How Does the Cochlea of the Inner Ear Work?
Sounds from the outside are propagated through the outer and middle ears and then reach the cochlea of the inner ear (Fig. 1).
Lower panel in Figure 2 illustrates the cross section of the cochlea. This organ has three tubular structures, which are filled with extracellular body fluids, lymph, as mentioned below. The tubules are separated by multiple cell layers.
When the cochlea is uncoiled, inside this organ a trapezoid cell layer called ‘sensory epithelium’, which converts sounds to electrical signals (upper panels in Fig. 2). Acoustic stimuli vibrate the epithelium up and down―this motion is surprisingly small of nanometer scale level. In the cochlea, the apex portion is sensitive to low pitch sounds, whereas the base portion, which is close to the entrance of the cochlea, responds to high pitch sounds. This characteristics depends on property of the sensory epithelium. This tissue is getting softer and thinner as you are approaching to the apex portion. This physical gradient plays key roles in tonotopic organization.
Take a look at the cross section of the cochlea (lower panel in Fig. 2). The sensory epithelium is composed of three layers, i.e. hair cell layer, supporting cell layer, and extracellular matrix layer termed ‘basilar membrane’. Sensory hair cells have hair bundle of stereocilia on the apical surface. Acoustic inputs firstly stimulate the basilar membrane and vibrates the sensory epithelium. This event deflects the stereocilia of the hair cells and further activates ‘mechanoelectrical transduction channels’ at their tips. The channel’s opening enters K+ in the lymph into the hair cells and electrically excites them. In this process, mechanical energy of sounds is transduced to electrical signals. Finally, neurotransmission occurs in the cell bodies of hair cells and acoustic information is conveyed to the brain through neural fibers.
The hair cells are categorized into two different groups; one row of inner hair cells and three rows of outer hair cells (lower panel in Fig. 2). As mentioned above, inner hair cells secrete neurotransmitters to the fibers; therefore, these cells are in charge of transmit of acoustic signals to the neuron and brain. Outer hair cells can be contracted in response to cellular electrical excitation induced by the vibrations of sensory epithelium. In other words, outer hair cells are piezoelectric elements and underlie active amplification mechanism observed in the cochlea. The cells control the sensitivity of hearing.

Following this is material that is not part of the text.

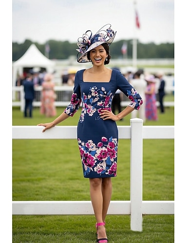 Tubino Colonna Lunghezza al ginocchio Abito da Cocktail Abito da invitata a nozze Abito Derby Abito da cerimonia per signora Manica 3/4 Collo quadrato Elegante Formale Derby del Kentucky Raso con
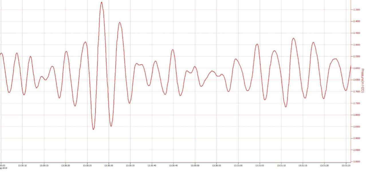A short sample reveals the the wave climate of the shallower site in Piscadera Bay. Wave sets (4 waves of more) are visible as well as the effect of backwash in between sets. The latter shows up as asymmetric wave crest and indicates the reflection incident waves against the coast.

Get back the uncoiled sensory epithelium described in upper panel of Figure 2. Along the longitudinal axis of the epithelium, 4,000 sets of inner hair cell (one row) and outer hair cells (three rows) are beautifully arrayed. Young people who have normal hearing can perceive sounds that range from 20 Hz to 20,000 Hz (i.e., 20 kHz).
The cochlea has another element that amplifies acoustic signals. This is a biological battery in stria vascularis, which is an epithelial-like layer (Fig. 3). The battery is electrically connected to hair cells and sensitizes hearing by accelerating the K+-flux into the cells in response to mechanical stimulation. A large electromotive force measured in the battery is generated by [K+] gradient across the cell membrane between extracellular and intracellular spaces in the stria vascularis. The battery maintains a highly positive potential of +80 – +100 mV in the endolymph, where the hair bundle on the apical surface of hair cells is exposed. In addition, the endolymph exhibits high [K+] of 150 mM, low [Na+] of 2 – 5 mM, and low [Ca2+] of 20 µM. These electrochemical properties are observed only in the cochlea but not detected in any other organs. Notably, among three tubular structures of the cochlea, the center tubule is filled with the endolymph, whereas the upper and lower tubules contain the perilymph whose ion composition is similar to the regular extracellular solution such as blood plasma (i.e., 150 mM [Na+] and 5 mM [K+]) (Fig. 3).
As mentioned above, the cochlea results from assembling of machineries in the sensory epithelium and stria vascularis―orchestration of these elements achieves high sensitivity and sharp tuning observed in hearing. Our group studies the roles of each element, architecture of the network, and the relevance to auditory function and hearing loss, from cellular to organ levels by means of a variety of approaches.